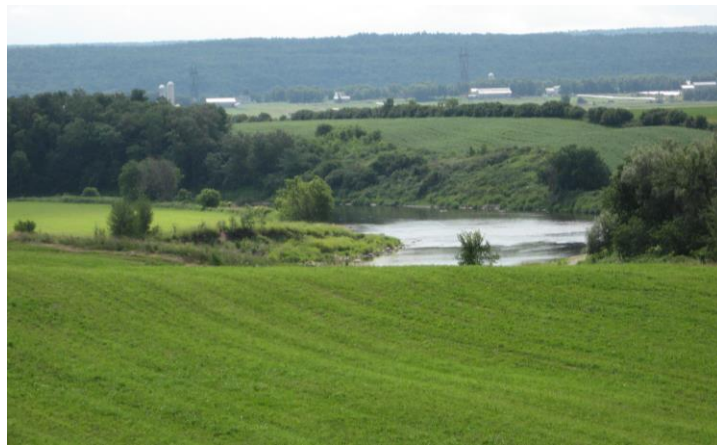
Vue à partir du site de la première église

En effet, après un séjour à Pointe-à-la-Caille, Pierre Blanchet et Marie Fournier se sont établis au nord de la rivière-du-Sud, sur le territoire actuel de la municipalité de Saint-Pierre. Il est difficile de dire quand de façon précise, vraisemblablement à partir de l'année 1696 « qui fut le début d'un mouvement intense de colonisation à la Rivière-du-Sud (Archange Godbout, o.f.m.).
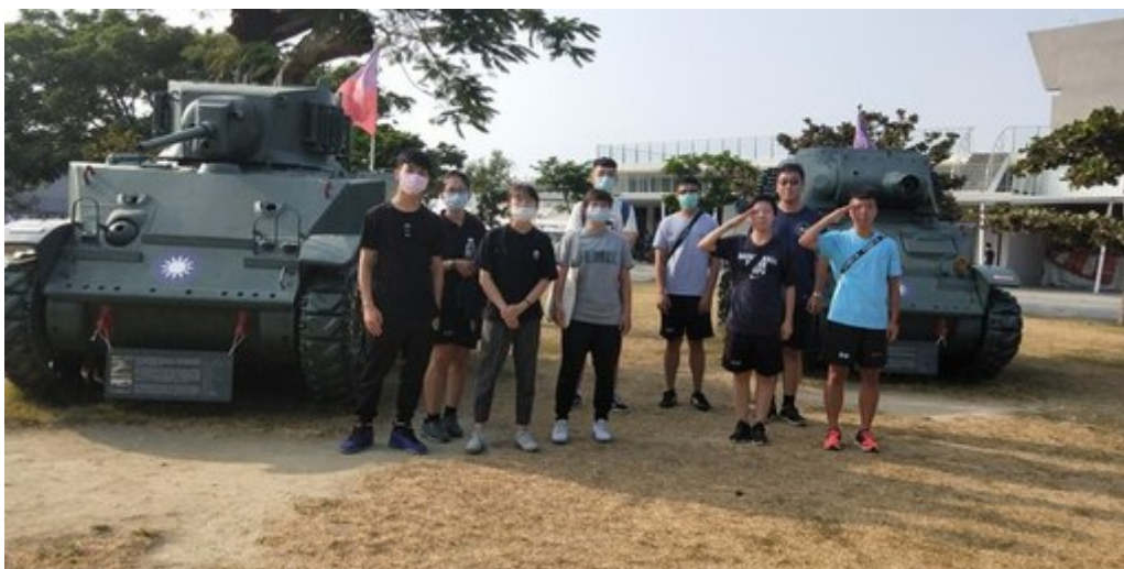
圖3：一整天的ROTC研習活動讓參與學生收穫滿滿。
...
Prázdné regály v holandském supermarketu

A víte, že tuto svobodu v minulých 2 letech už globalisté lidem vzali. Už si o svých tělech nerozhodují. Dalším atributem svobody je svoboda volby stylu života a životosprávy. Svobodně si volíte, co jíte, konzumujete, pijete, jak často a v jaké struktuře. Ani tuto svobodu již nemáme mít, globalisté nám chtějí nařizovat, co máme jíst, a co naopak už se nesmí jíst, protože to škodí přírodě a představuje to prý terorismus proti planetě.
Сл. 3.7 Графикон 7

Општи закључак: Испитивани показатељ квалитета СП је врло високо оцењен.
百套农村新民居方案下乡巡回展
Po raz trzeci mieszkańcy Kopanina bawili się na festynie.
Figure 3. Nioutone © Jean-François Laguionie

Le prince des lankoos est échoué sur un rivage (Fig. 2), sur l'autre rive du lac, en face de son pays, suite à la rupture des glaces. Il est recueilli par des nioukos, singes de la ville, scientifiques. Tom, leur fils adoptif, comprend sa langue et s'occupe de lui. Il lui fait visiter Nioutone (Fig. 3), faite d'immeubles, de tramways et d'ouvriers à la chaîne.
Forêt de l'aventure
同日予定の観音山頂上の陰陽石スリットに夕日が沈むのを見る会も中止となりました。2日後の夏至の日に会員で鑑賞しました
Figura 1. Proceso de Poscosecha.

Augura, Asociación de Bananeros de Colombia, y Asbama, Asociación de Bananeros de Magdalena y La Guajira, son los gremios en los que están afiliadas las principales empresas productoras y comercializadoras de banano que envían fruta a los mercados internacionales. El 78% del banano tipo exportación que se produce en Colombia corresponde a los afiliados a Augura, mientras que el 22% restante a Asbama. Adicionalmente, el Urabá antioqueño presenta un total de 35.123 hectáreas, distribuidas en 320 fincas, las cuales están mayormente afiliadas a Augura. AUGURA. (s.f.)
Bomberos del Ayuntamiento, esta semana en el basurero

* What is required: From the records above, transcribe exactly the run of lines that opens with the line holding "Општи закључак: Испитивани" and closes with the line holding "Figura 1. Proceso de Poscosecha.", both included.

* Exercise answer:
Општи закључак: Испитивани показатељ квалитета СП је врло високо оцењен.
百套农村新民居方案下乡巡回展
Po raz trzeci mieszkańcy Kopanina bawili się na festynie.
Figure 3. Nioutone © Jean-François Laguionie

Le prince des lankoos est échoué sur un rivage (Fig. 2), sur l'autre rive du lac, en face de son pays, suite à la rupture des glaces. Il est recueilli par des nioukos, singes de la ville, scientifiques. Tom, leur fils adoptif, comprend sa langue et s'occupe de lui. Il lui fait visiter Nioutone (Fig. 3), faite d'immeubles, de tramways et d'ouvriers à la chaîne.
Forêt de l'aventure
同日予定の観音山頂上の陰陽石スリットに夕日が沈むのを見る会も中止となりました。2日後の夏至の日に会員で鑑賞しました
Figura 1. Proceso de Poscosecha.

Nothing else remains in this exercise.